No library effects or sounds were used. “Part of the recipe for King Kong was to work it from the ground up,” says Van der Ryn. “People never talk about using stock footage on the visual side of things, so why should sound be any different? It’s kind of a disconnect.”

Recordist Peek had his hands full recording production sound with the usual special fans, smoke and wind machines that Jackson likes to use. Wave generating machines and rain machines were added to the Kong set, as well as planes constantly flying overhead on the back lot. Peek found himself not only being a sound recordist, but also a director of sorts, since in addition to recording usable production sound, he was also tasked with providing a suitable sound mood that would help the beauty connect emotionally with the beast.

“The most interesting challenge was how to create an audio presence for Kong that actress Naomi Watts could bounce off of,” says Peek. “The post sound guys came up with a package I dubbed ‘the Kongaliser’; it took a radio mic feed from Serkis, and fed it though a G4 Mac that pitch-dropped his voice about a third of an octave. We added a few other treatments, then I fed the resulting low-pitched Kong ‘voice’ out to two strategically placed speakers,” he recalls.

“Often, Andy would end up atop a 25- foot-high scissor lift with one of the speakers strapped underneath it, so that not only could Naomi play to the right eye-line for Kong, but react to the voice from his actual size and the largeness of sound as well,” he continues. “This proved really helpful for her performance throughout the shoot.”

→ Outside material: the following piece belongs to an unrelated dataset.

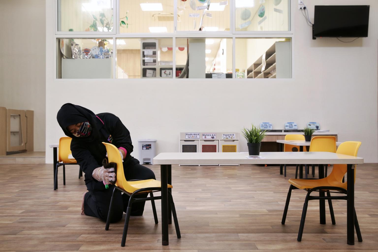 Centre attendant Erni Marlina, 37, disinfecting chairs and tables in My First Skool at 50 Sengkang West Way on May 27, 2020.

As with LOTR, the mix was worked on in acts, rather than reels. “Peter works in sequences, and I think more and more people are doing that,” says Semanick. “Personally, I would love to mix in acts, but at this point, ProTools can’t handle that much information, and optical and sound departments are bogged down just from the load that reels create. I think this is a way to work that most directors would love.”

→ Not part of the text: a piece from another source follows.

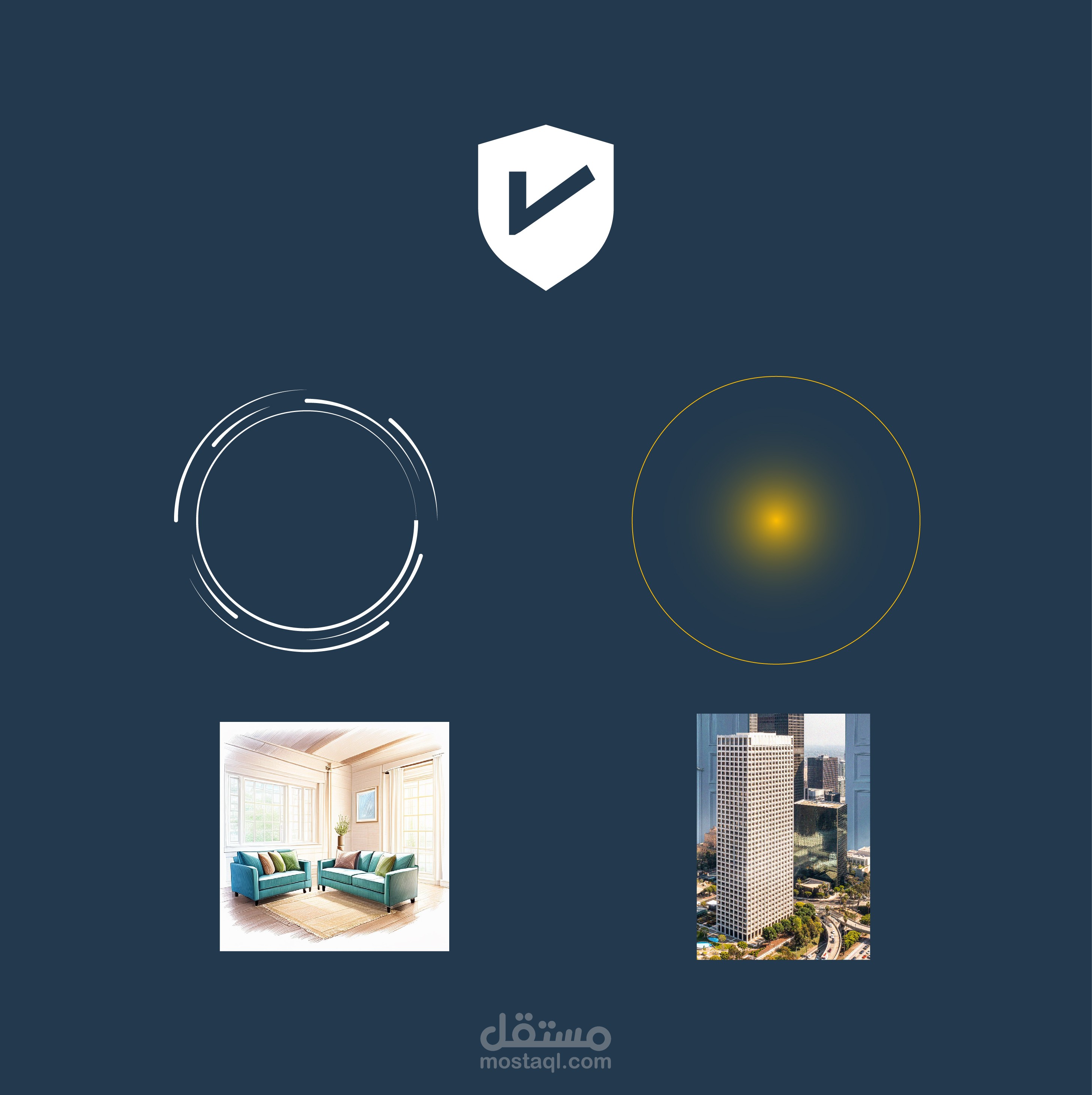 اعتمدت في هذا التصميم على دمج فكرة الأمان العقاري مع صورة الحياة اليومية، من خلال استخدام رمز الدرع Shield ودمج صورة الأبراج بداخله مع علامة التحقق

Boyes prefers to do his temp mix on a real console, rather than on ProTools because, as he says, “I spend countless hours trying to get clients to do a proper temp mix, because of the education the whole team gets in learning the strengths of the cut tracks. When you are moving that amount of sound, and your technology in the audio path is being taxed to its limits, your sound can get closed off in a way that doesn’t feel like it’s breathing.” That said, Boyes adds, “It’s in the final mix that I find the language of the film, and Kong was very much that way. On a console in a big mix theatre, I am able to find a place of clarity, where the sound, music and dialogue is telling the story––and nothing is taking away from that.”

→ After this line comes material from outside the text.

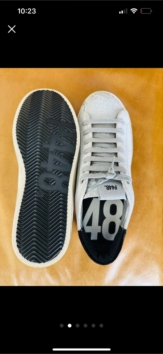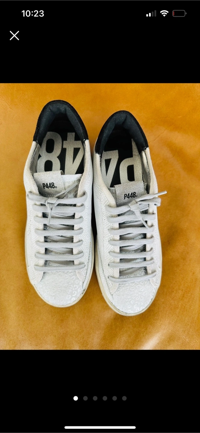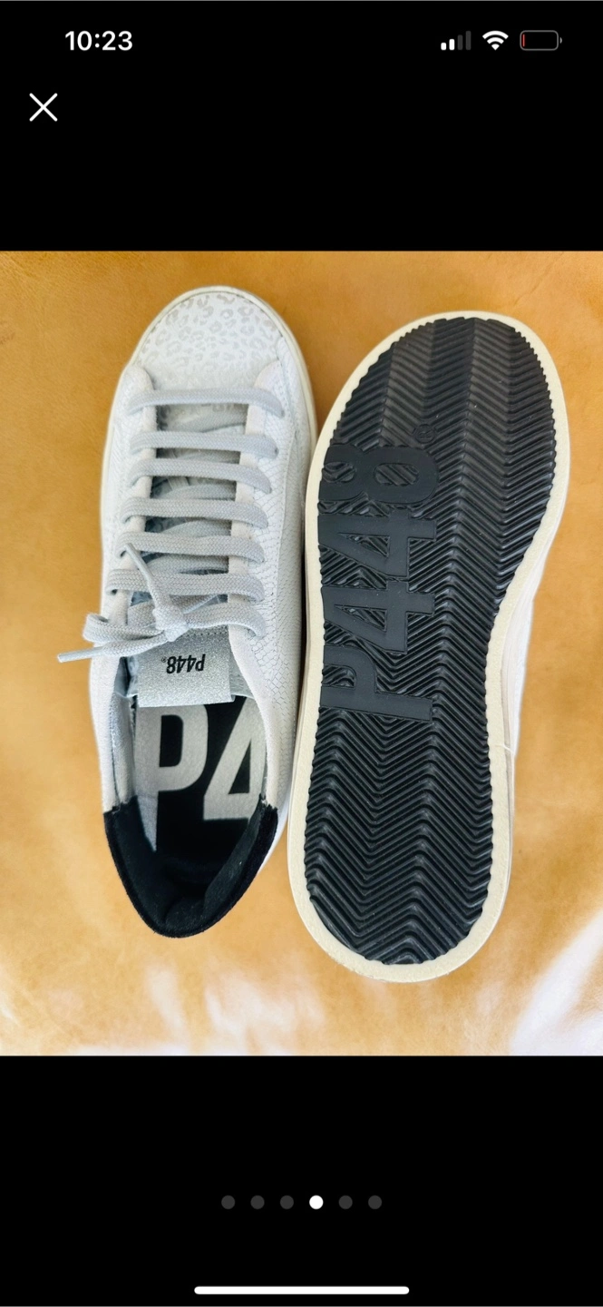 Women's P448 John sneakers. Grey leopard print. Low-top style. Lace-up closure. White rubber sole. Those marks are not dirt, they are intentional by design to make the shoes look Rugged. Extra brown laces included. Made in Italy.

Kong’s mix team was also an increasing rarity—the three-position unit, with Boyes handling effects, Semanick the dialogue, and Hedges the music. “I still think the three-man team has a tremendous amount of value and gives clients the ability to have a person who specializes in just one area,” Boyes says. “On these big shows, if you have a three-man team sitting at a huge console, you count on the nuances of glances and hand and eye movements to communicate. Mixing is a performance, and you’ve got three people trying to play a collaborative and mutually appealing tune on a massive instrument. It’s a constant hand-off.”

Reflecting back on the show, Boyes concludes, “The original King Kong was a seminal work in a lot of ways––but no more so than in sound and sound effects. It was important for us to honor that in everything we did.”